Yap had also said the project project has a gross development value of RM2 billion. However, questions are being raised on the State Appeal Board’s decision to allow the PKNS-Melati Ehsan JV to resubmit its application for the DO despite a recommendation from Selangor’s Select Committee on Competency, Accountability and Transparency (Selcat) that the Petaling Jaya local plan is flawed.

PKNS owns the land that the PKNS Sports Complex currently sits on. The 7.5ha site came under heavy scrutiny two years ago when investigations conducted by Selcat into the RTPJ2 revealed that local and state planning authorities had arbitrarily changed the zoning of land in the city without authorisation and due process, resulting in three different versions of the same plan.
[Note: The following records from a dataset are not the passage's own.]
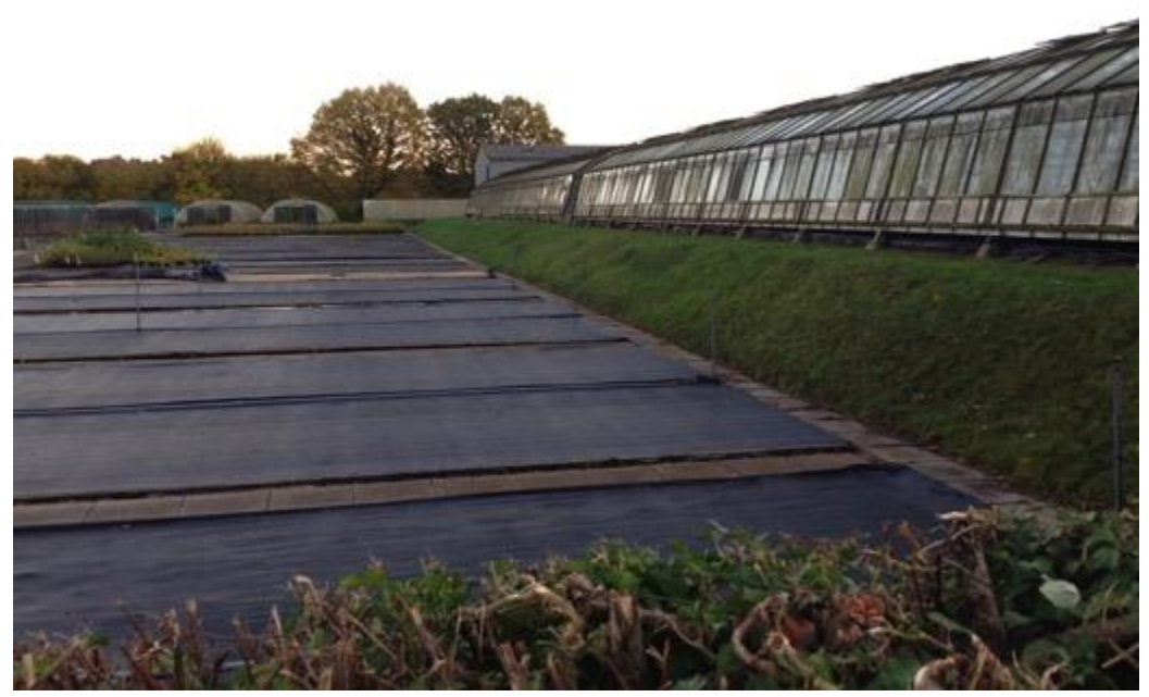
Interior of site at lower level, showing 'open' character of site with varying land levels. See black plastic sheeting for plants, and single storey greenhouses – a typical agriculture use. This is NOT previously developed land.
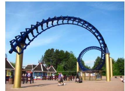
Alton Towers near Uttoxeter
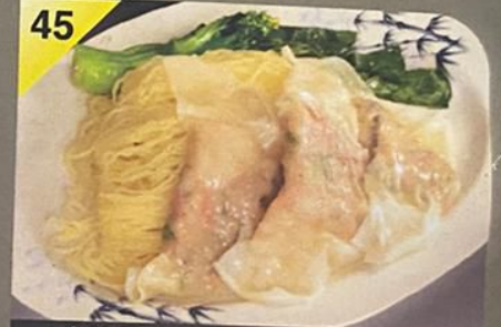
水饺面 (干) Dumpling Noodles (Dry) $5.50
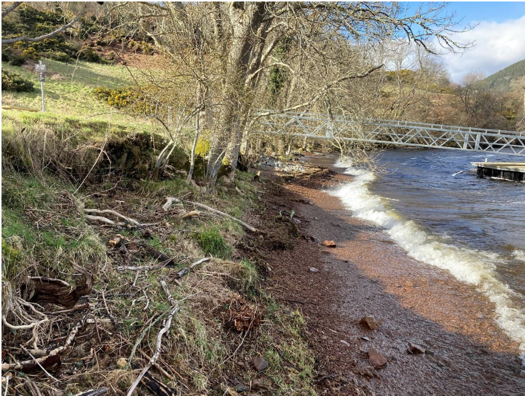
Photograph 25: View of the shoreline on the north side of Urquhart Castle (SM90309) showing the current extent of erosion/disturbance.
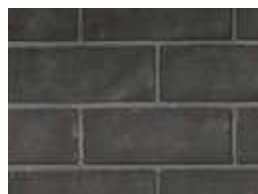
Westminster™ grey standard
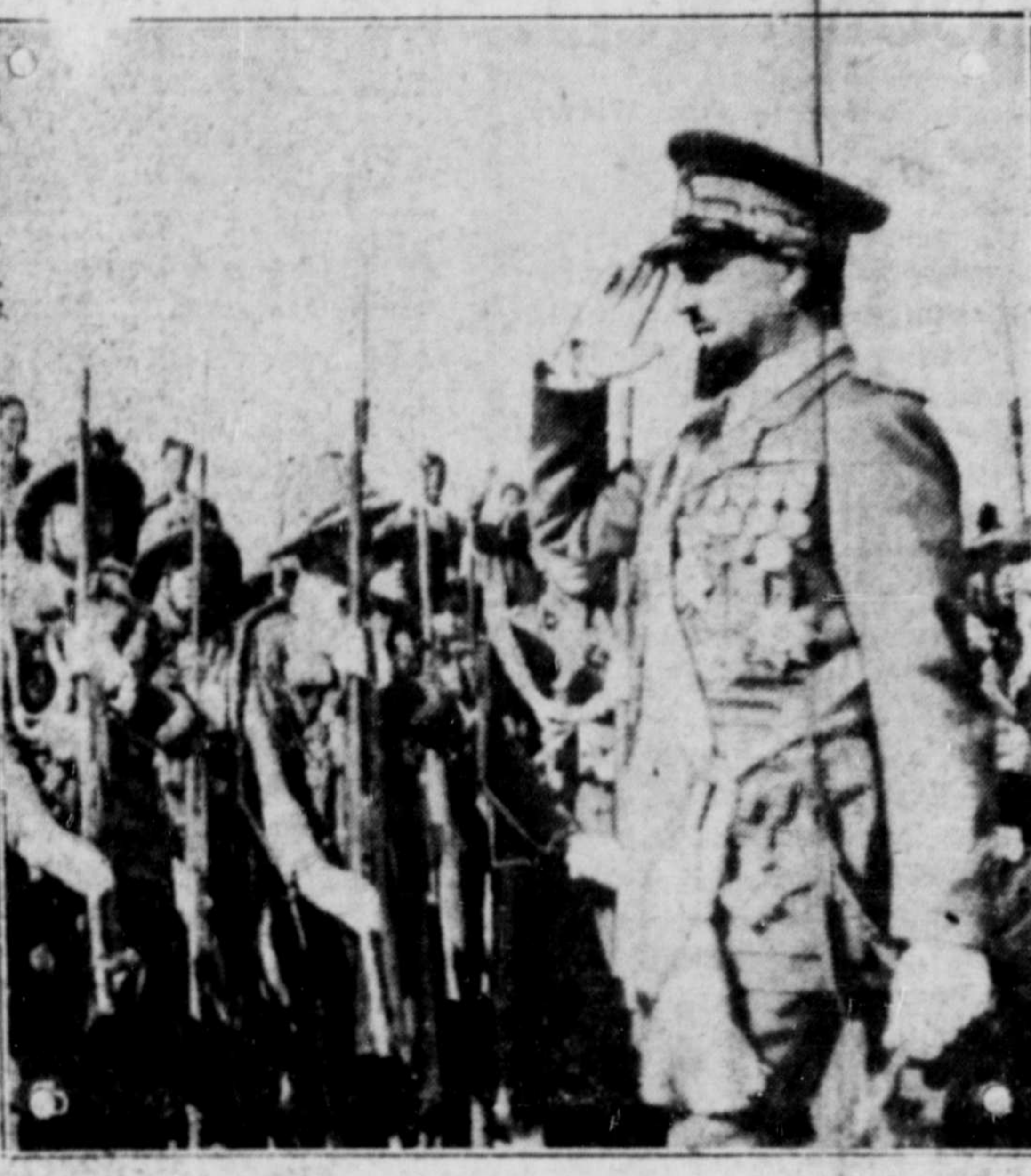
General Balbo, famous Italian flier who led the mass formation flight from Italy to Chicago, as he arrived in Tripoli. The general is on his way to Italian province of Libya, where he will be governor. It is whispered that Balbo was shifted to Africa because he was getting too popular in Italy.

The Selcat hearing, chaired by then Selangor legislative assembly speaker Datuk Teng Chang Khim in July 2012, had concluded from the investigations that the officials involved were “reckless, incompetent and unprofessional” and recommended that the RTPJ2 be scrapped as it was “tainted”.

Under the RTPJ2 approved by the state exco in 2010, the field was gazetted as an open space. However, in one of the altered versions of the local plan, the field’s land zoning was tagged as commercial. 

The Selcat hearing had also revealed that the illegally amended local plan went to print on Aug 16, 2011, although PKNS had submitted the development application on Aug 24, 2011. Section 7 residents are perturbed by the recent news on the land, and are now witnessing a recurrence of looming development on the land that they had fiercely opposed three years ago. At a gathering attended by 60 people yesterday, Kelana Jaya MP Wong Chen said Seri Setia assemblyman Nik Nazmi Nik Ahmad would raise the matter with the state exco in a meeting yesterday.

Nik Nazmi could not be reached for comment at press time.

 

This article first appeared in The Edge Financial Daily, on February 26, 2015.